Шрифт:
Закладка:
Посещение Пресвятой Девы… Тут опять речь идет об эпизоде, упомянутом единственным евангелистом, Лукой. Мария, получив благую весть о предстоящем материнстве, навещает свою двоюродную сестру Елизавету, беременную Иоанном Крестителем. Женщины обнимаются и в восхищении созерцают свои животы.

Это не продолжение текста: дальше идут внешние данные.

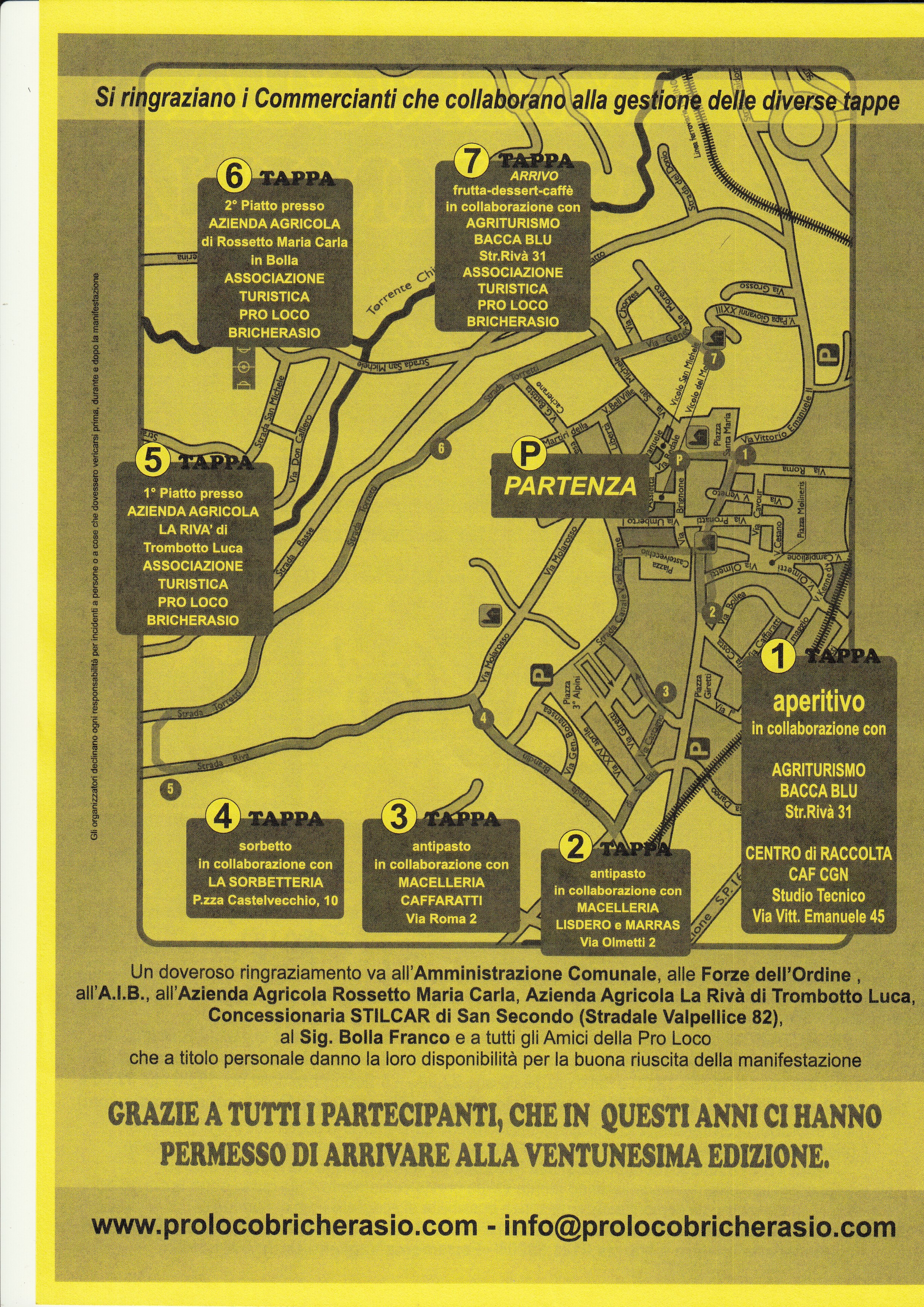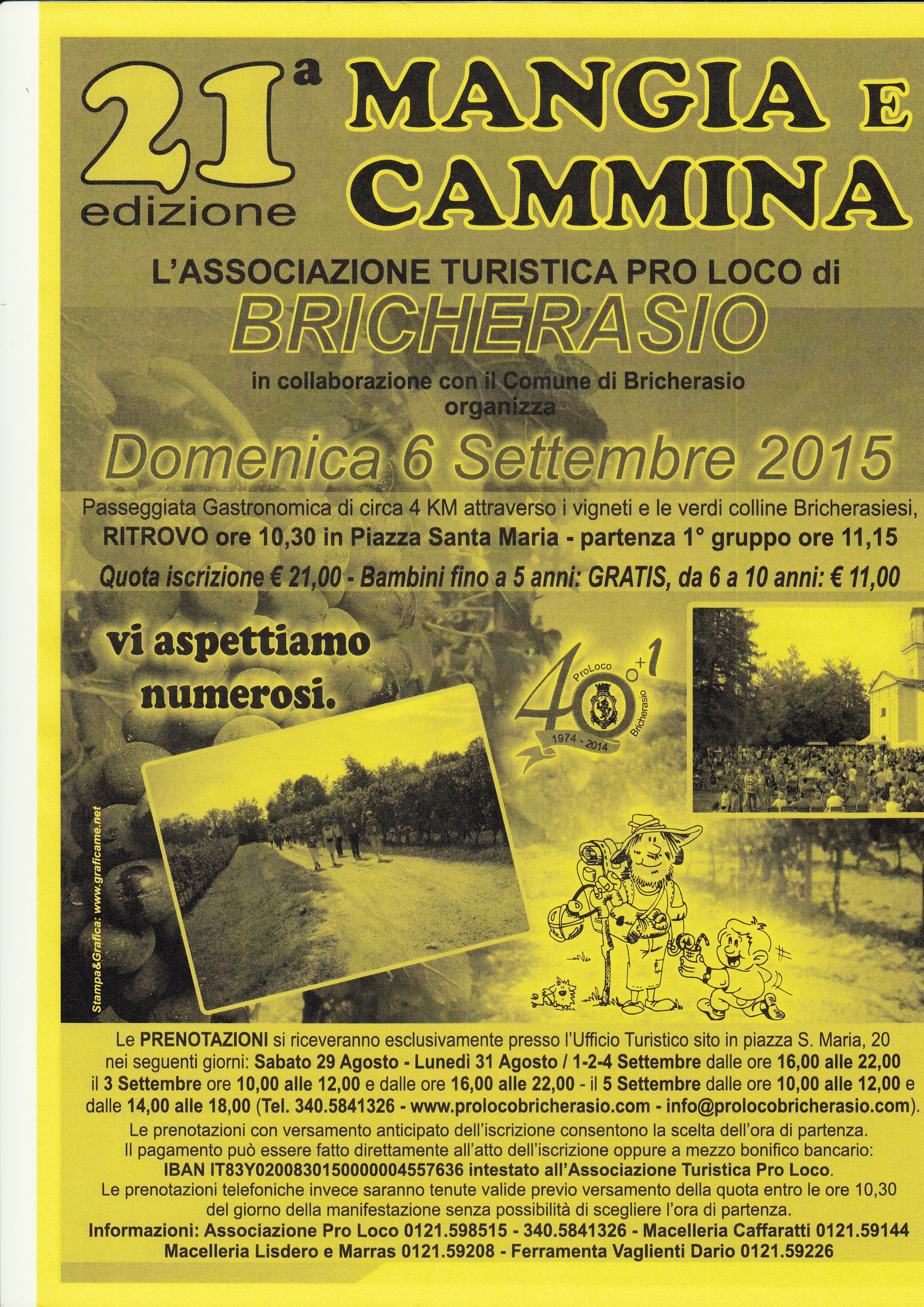 La prima Domenica di settembre appuntamento ormai classico a Bricherasio con la 21^ edizione della “Mangia e Cammina” itinerario sulle verdi colline del paese costellate di vigneti dove la musica e l'allegria faranno da cornice alla manifestazione. A Bricherasio torna per la ventunesima edizione la passeggiata eno-gastronomica di circa 4 km attraverso i vigneti e le verdi colline bricherasiesi prenderà il via alle ore 11.15 di Domenica 6 settembre con la partenza del primo gruppo. I promotori della Pro Loco, con la collaborazione del Comune di Bricherasio e dei commercianti che partecipano alla gestione delle diverse tappe, si concentrano sull’evento. La “Mangia e cammina” nasce nel 1995, quasi per scommessa. Sfruttando la posizione geografica del paese, che vede a due passi dal centro dolci colline ricoperte di vigneti colorati, si è pensato di organizzare la prima domenica di settembre questa manifestazione, per dare inizio ai festeggiamenti del settembre bricherasiese che fosse adatta alle famiglie, per far loro apprezzare i prodotti del posto, riscoprire le tradizioni contadine, il paese, e per una giornata far dimenticare le ansie e lo stress della vita quotidiana. Tutta la macchina organizzativa è operativa e le prenotazioni si ricevono presso l’Ufficio turistico in Piazza Santa Maria n. 20 nei seguenti giorni: sabato 29 agosto, lunedì 31, martedì 1 settembre, mercoledì 2 e venerdì 4 settembre dalle ore 16 alle ore 22, giovedì 3 pure la mattina dalle ore 10 alle 12 e sabato 5 dalle 10 alle 12 e dalle 14 alle 18. Ulteriori informazioni sul sito www.prolocobricherasio.com o al numero 340/5841326. Le prenotazioni con versamento anticipato dell’iscrizione consentono la scelta dell’ora di partenza. Il pagamento può essere fatto direttamente all’atto dell’iscrizione oppure tramite bonifico su IBAN IT 83 Y 02008 30150 000004557636 intestato all’Associazione Pro Turistica Pro Loco di Bricherasio.

Как это часто бывает у Луки, текст имеет скорее политический, нежели исторический интерес. В самом деле, Елизавета принадлежит к предшествующему поколению, Иоанн Креститель родился прежде Иисуса, однако Лука словно сгущает и уплотняет изображение, давая понять, что иудейский пророк возвещает о грядущем приходе Мессии. Это прекрасный момент общения двух женщин: Елизавета с волнением и удовольствием взирает на Марию, Ветхий Завет приветствует Новый Завет, иудаизм открывается навстречу христианству.
Не будучи поклонником Луки, я все же очень люблю именно эту сцену, одно из «радостных таинств», как некогда говорили, ведь в ней предоставляется слово женщинам и славится жизнь. В молитве «Радуйся, Мария» звучат слова, какими Елизавета приветствовала молодую женщину, но я не прикладывал больших стараний, чтобы выучить текст, потому что в моих ушах звучит скорее продолжение главы, а именно ответ Марии: «Величит душа Моя Господа, и возрадовался дух Мой о Боге, Спасителе Моем, что призрел Он на смирение Рабы Своей, ибо отныне будут ублажать Меня все роды; что сотворил Мне величие Сильный, и свято имя Его; и милость Его в роды родов к боящимся Его; явил силу мышцы Своей; рассеял надменных помышлениями сердца их; низложил сильных с престолов и вознес смиренных; алчущих исполнил благ и богатящихся отпустил ни с чем». Эти слова – пожалуй, самое длинное высказывание Марии – раздаются в моей душе по-латински: Magnificat anima mea Dominum. С самой юности я упиваюсь «Магнификат» Иоганна Себастьяна Баха. Гудят трубы, грохочут литавры, оттеняя арию гобоя, изливаются каскадами скрипичные мелодии, раскручиваются причудливой спиралью распевы хористов, образуя блистательный, изысканный орнамент: небо над нами, безмятежное и умиротворенное, не ведает пустоты. Бах сумел создать музыкальное воплощение радости, это сочинение-ликование для оркестра, хора и солистов.
Церковь Посещения Пресвятой Девы Марии словно иллюстрирует нарастающую эйфорию. По концепции архитектора Антонио Барлуцци это порыв, все устремляется ввысь, как и у Баха. На керамических табличках воспроизведен текст церковной песни на сорока двух языках. Хотя мне нравится их разбирать, то есть произносить вслух, если получается, все равно в голове у меня вертится: magnificat.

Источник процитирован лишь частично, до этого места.